Connecticut has become the 17th state do away with the death penalty after Gov. Dannel P. Malloy signed legislation on Wednesday to repeal it, effective immediately. He signed the bill at a private ceremony attended by lawmakers, clergy and family members of crime victims.

Capital punishment will now be replaced with a maximum sentence of life in prison without the possibility of parole.

There are 11 men currently on death row in Connecticut, but Malloy said they were far more likely to die of old age than be put to death.

Malloy, a former prosecutor, said his position on the issue evolved over time.

As a young man, I was a death penalty supporter. Then I spent years as a prosecutor and pursued dangerous felons in court, including murderers, he said. In the trenches of a criminal courtroom, I learned firsthand that our system of justice is very imperfect. While it's a good system designed with the highest ideals of our democratic society in mind, like most of human experience, it is subject to the fallibility of those who participate in it.

I saw people who were poorly served by their counsel, he added. I saw people wrongly accused or mistakenly identified. I saw discrimination.

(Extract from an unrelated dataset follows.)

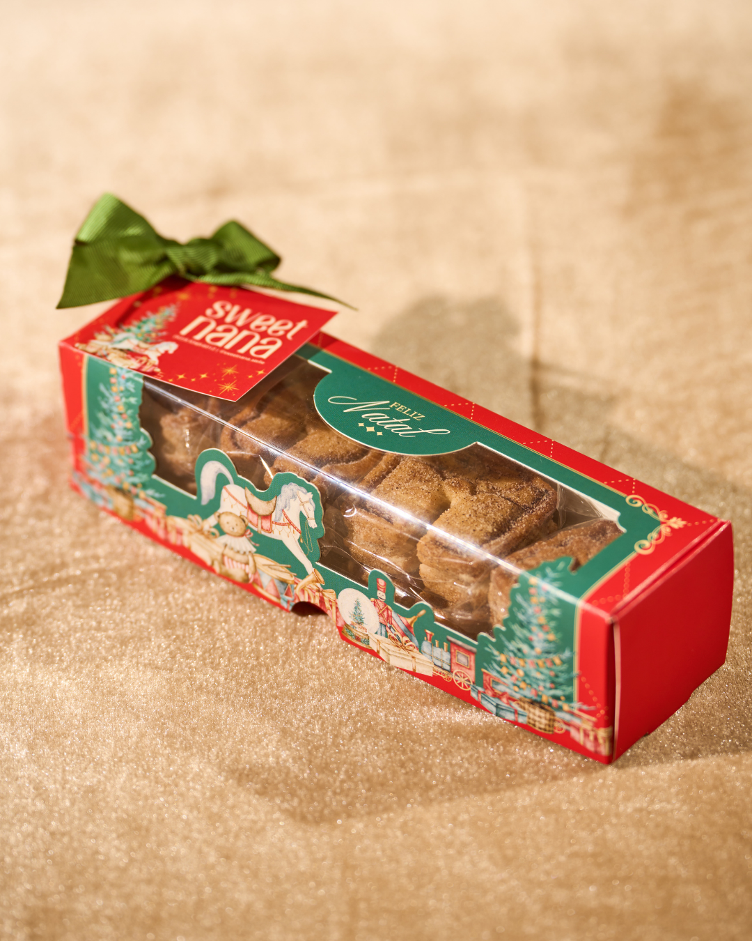 Acompanha uma linda caixa natalina com oito unidades, perfeita para presentear, partilhar e viver o espírito do Natal com doçura e afeto.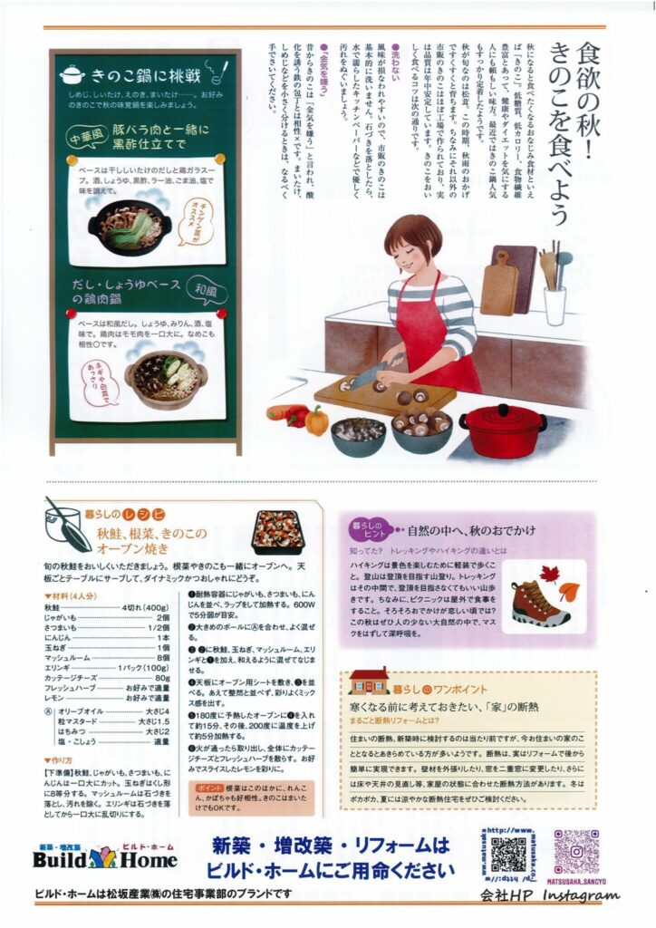 【2022年秋号】では、在宅ワークでのIT情報や、きのこ料理の献立などが掲載されています。

In bearing witness to those things, I came to believe that doing away with the death penalty was the only way to ensure it would not be unfairly imposed.

He said the unworkability of Connecticut's death penalty law was also another factor that led to his decision.

Malloy said that in the last 52 years, only two people have been put to death in Connecticut. Both volunteered for it, he added.

Instead, the people of this state pay for appeal after appeal, and then watch time and again as defendants are marched in front of the cameras, giving them a platform of public attention they don't deserve, Malloy said. It is sordid attention that rips open never-quite-healed wounds.